■ ACTIVITY
What lines in the entries hold the string "Figuren"? List them.

■ MATERIAL TO PROCESS
============

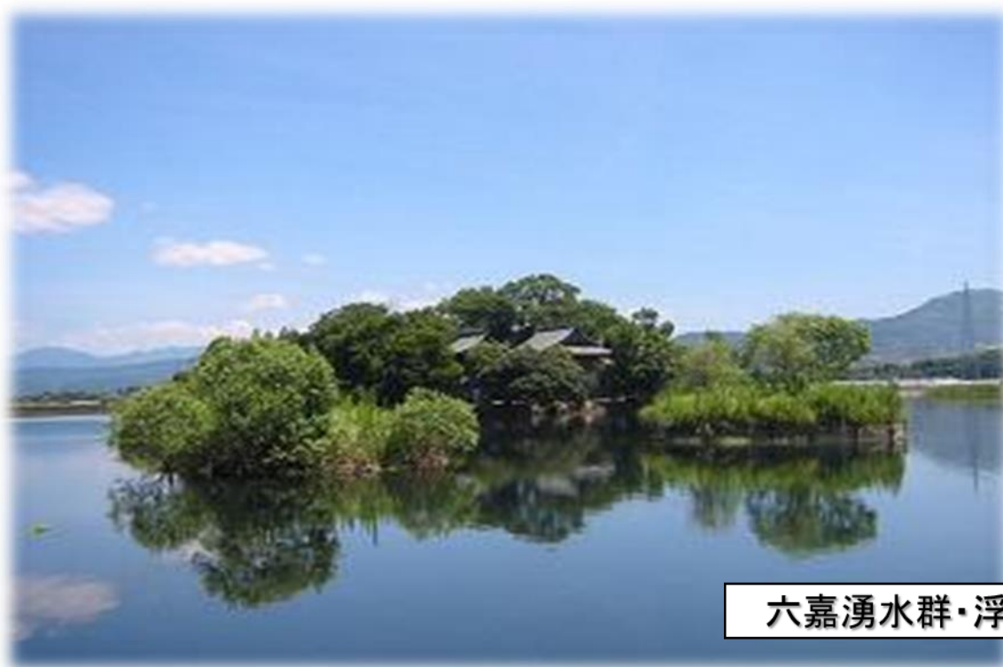
六嘉湧水群・浮島
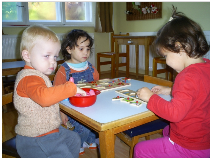
Amíg melegszik az idő, kirakózunk
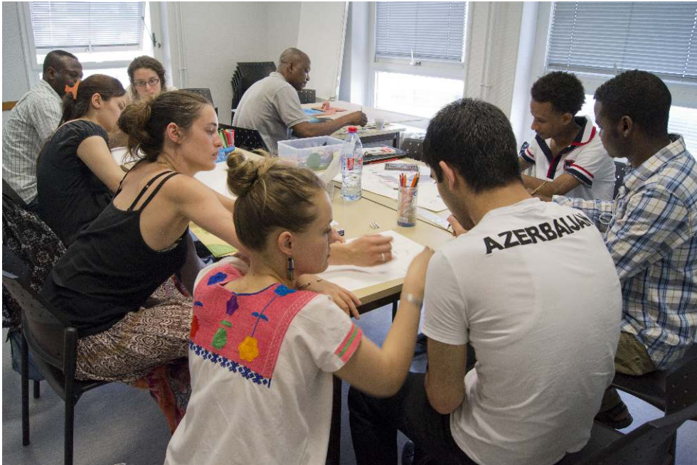
Figure 1. Séance d'atelier
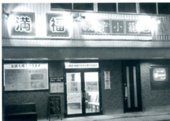
中国人店主の餃子・小籠包専門店

最近私のはまっている店を紹介 します。浜北区小松の杏林堂の筋 向いの餃子・小籠包の専門店『満福』 (看板が派手なのですぐわかる) ここの餃子がうまい!!
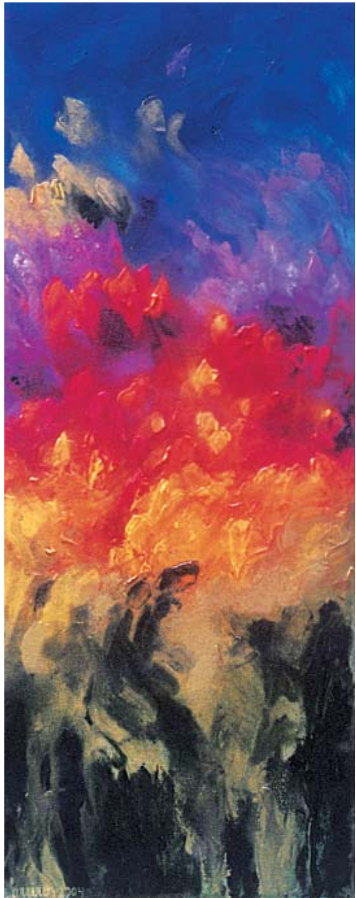
Selva Florida, Óleo sobre lienzo, 90 x 36 cm, 2004

Una época totalmente impregnada por todo lo que pasa alrededor. Era la época de la luz negra, de las pinturas fluorescentes, paz y amor, de los hippies, el amor libre. Éramos bohemios. Siempre tuve conciencia y siempre dije que el artista debería sentir las cosas que pasan cerca de una, como la sal en la piel. Desconfiaba mucho del artista latinoamericano que se iba del país e intentaba hacer arte latinoamericano; si en América Latina hace calor y en Europa está haciendo frío cómo voy a hacer para que mi obra produzca la sensación de calor. En 1968 cuando hice “Mujer
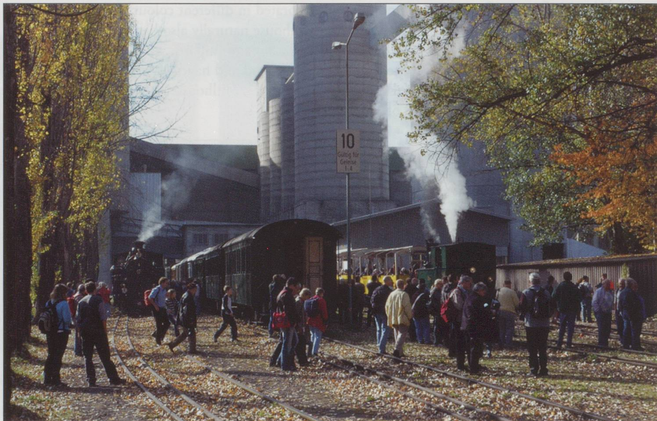
The festival area at the Holcim works.
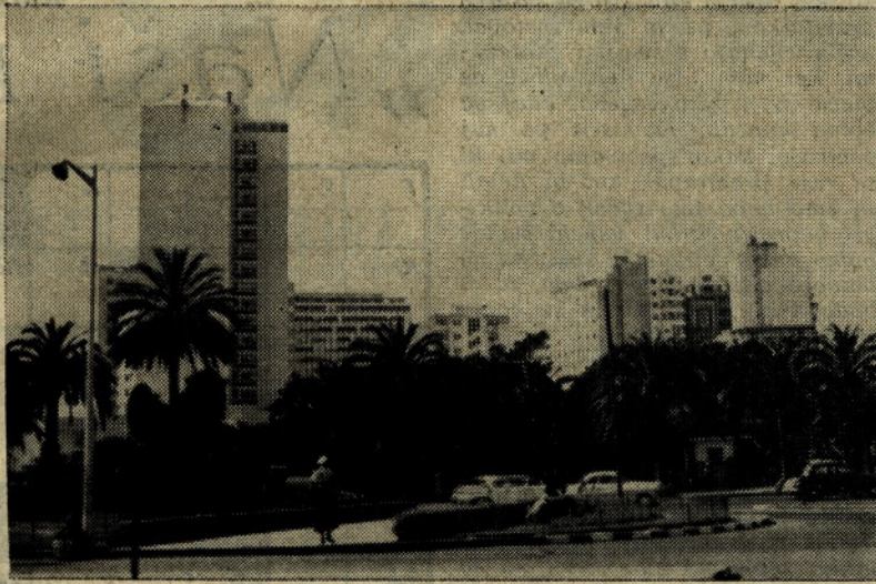
Moderna četrt Casablanke — gledana iz pristaniške smeri.

Danes še ne vemo, kako bo s finančnimi sredstvi, ki bodo odločilni faktor pri presoji in odločitvi za ali proti. Zato še ne moremo pisati o tem. Prepričani smo pa, da bodo organi delavskega samoupravljanja in uprava podjetja storili vse, da bodo našim delovnim ljudem letos omogočili prijetno letovanje na jadranski obali.
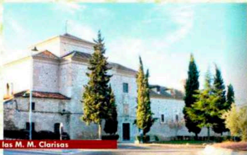
Convento de las M. M. Clarisas

Construida entre los siglos XVI y XVII esta iglesia de grandes proporciones, se yergue majestuosa en lo alto presidiendo la vida del pueblo.
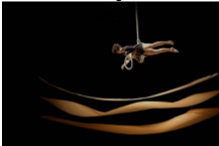
Corps - papier - cirque
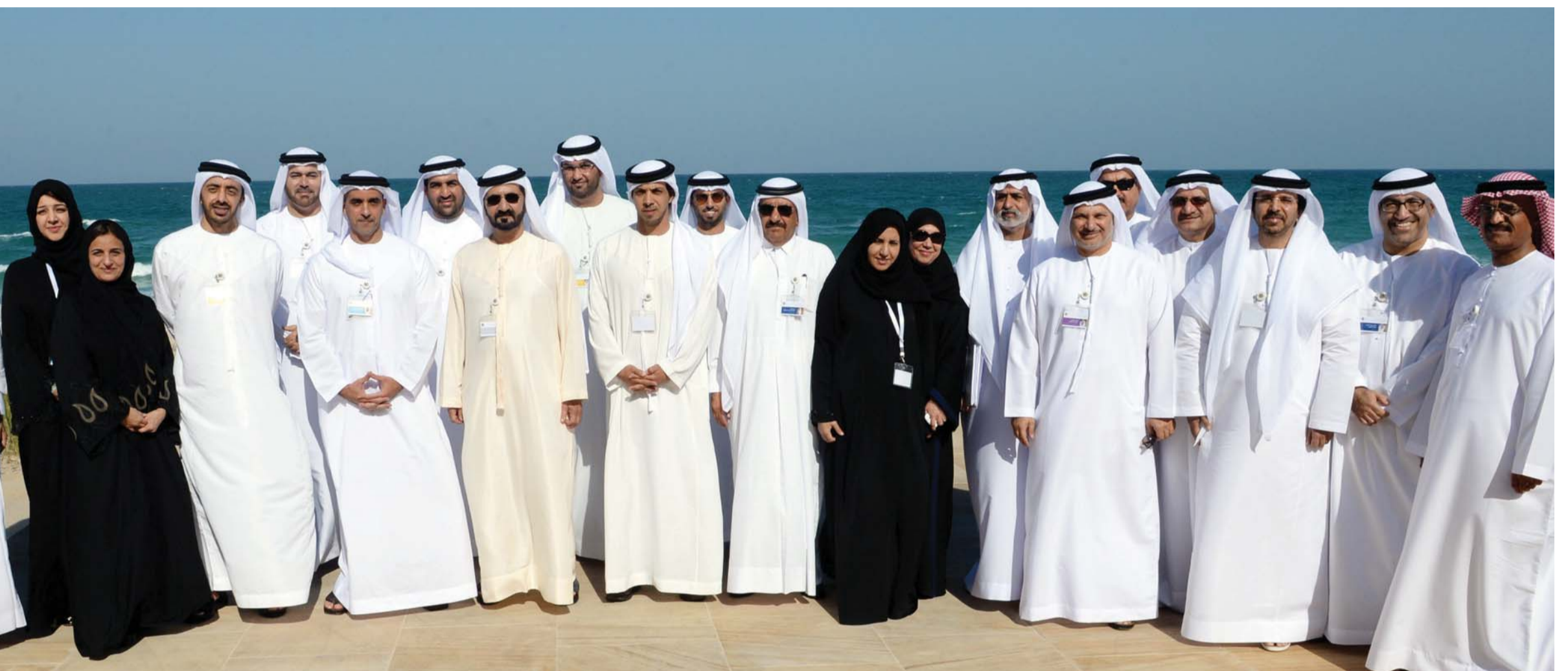
محمد بن راشد يتوسط أعضاء مجلس الوزراء خلال خلوتهم في صير بني ياس
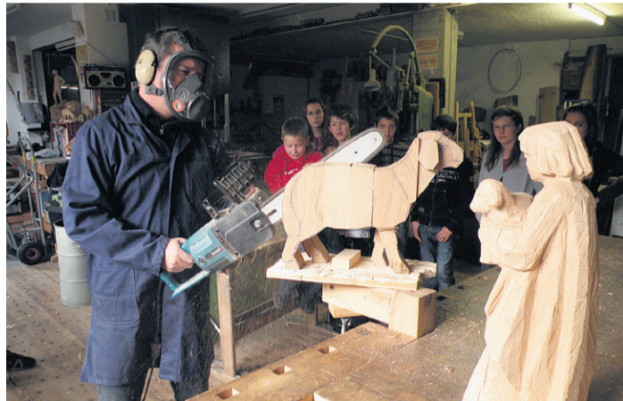
Die Figuren sind vor allem mit der Motorsäge ausgearbeitet worden.

Die elf Figuren und vier Tiere sind hauptsächlich mit der Kettensäge gearbeitet. Nur die Gesichter, Hände und Füsse sind noch etwas feiner mit dem Bildhauermessel ausgearbeitet. Ganz schön ist zum Beispiel, wie treffend die Herkunftsorte Asien, Ägypten und Afrika nur schon in den Gesichtern der drei Könige zu erkennen sind.
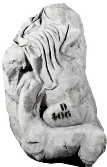
9. Fragment sanduka sarkofaga s djelomičnim prikazom psa i konja, Arheološki muzej Split (izvor: NENAD CAMBI, /bilj. 43/, 227, T. XXIII b.)

Fragment of a sarcophagus chest with a partial depiction of a dog and a horse, Archaeological Museum in Split
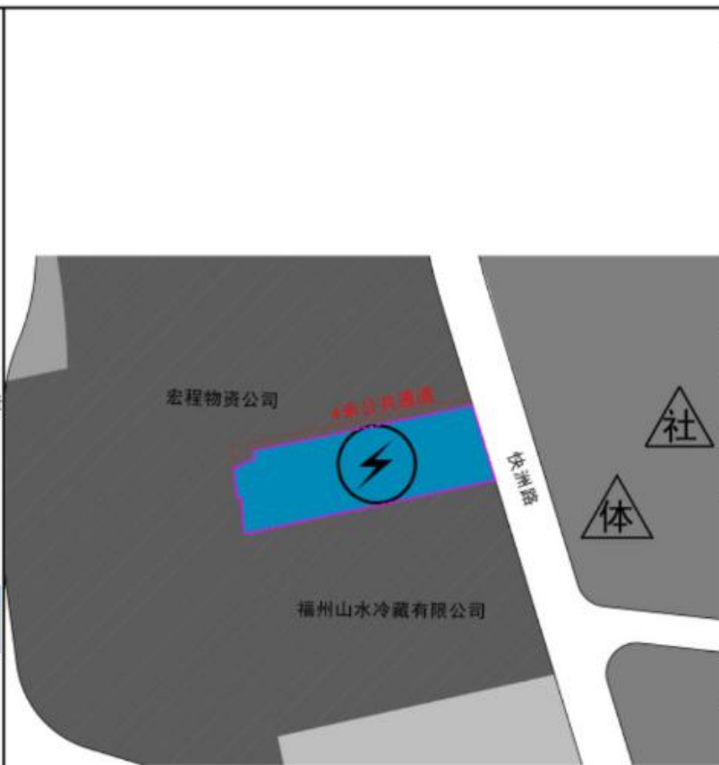
地块控规草案示意图
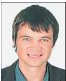
MUDr. Lukáš Pollert, lékař a kanoista, držitel zlata z olympijských her v roce 1992

Tenkrát, v roce 2002 nám Vltava odebrala příjemný divadelní sálek v Karlíně, my jsme se museli toulat po Praze a hrát tam, kde nás, alespoň na chvíli, nechali. A pak se náhle ohlásil Úřad Prahy 6 s velkorysou nabídkou, které, přiznám se, jsem tak úplně nevěřil. Zmíněný Úřad se nabídl, že nám zbuduje nové divadlo. V roce 2005 se začalo v Dejvicích 27 hrát. A dodnes s uznáním sledujeme, jak se Úřad této městské části stará o to, aby ta skvělá čtvrť byla sličná, vlídná a kulturní. Děkujeme.
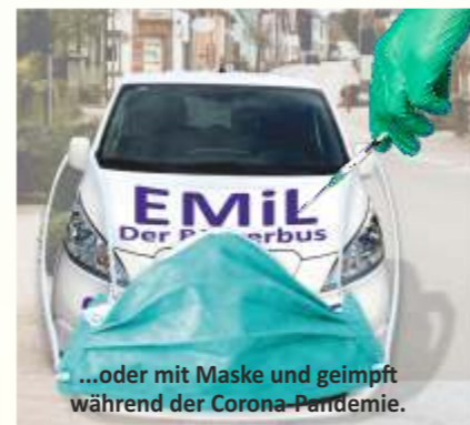
...oder mit Maske und geimpft während der Corona-Pandemie.
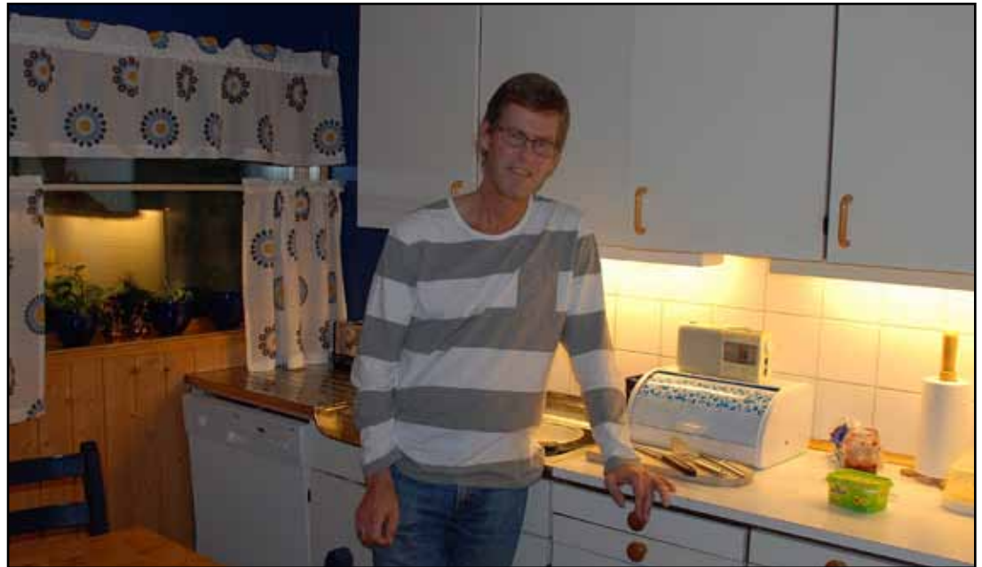
Torp påstår at han ikke er noen kjøkkenmann, men serverer likevel boller og kaffe.

Vi vrir temaet inn på eksamen, men klarer ikke å finne ut noe om de kom-

============

■ SOLUTION TO THIS EXERCISE
Die Figuren sind vor allem mit der Motorsäge ausgearbeitet worden.
Die elf Figuren und vier Tiere sind hauptsächlich mit der Kettensäge gearbeitet. Nur die Gesichter, Hände und Füsse sind noch etwas feiner mit dem Bildhauermessel ausgearbeitet. Ganz schön ist zum Beispiel, wie treffend die Herkunftsorte Asien, Ägypten und Afrika nur schon in den Gesichtern der drei Könige zu erkennen sind.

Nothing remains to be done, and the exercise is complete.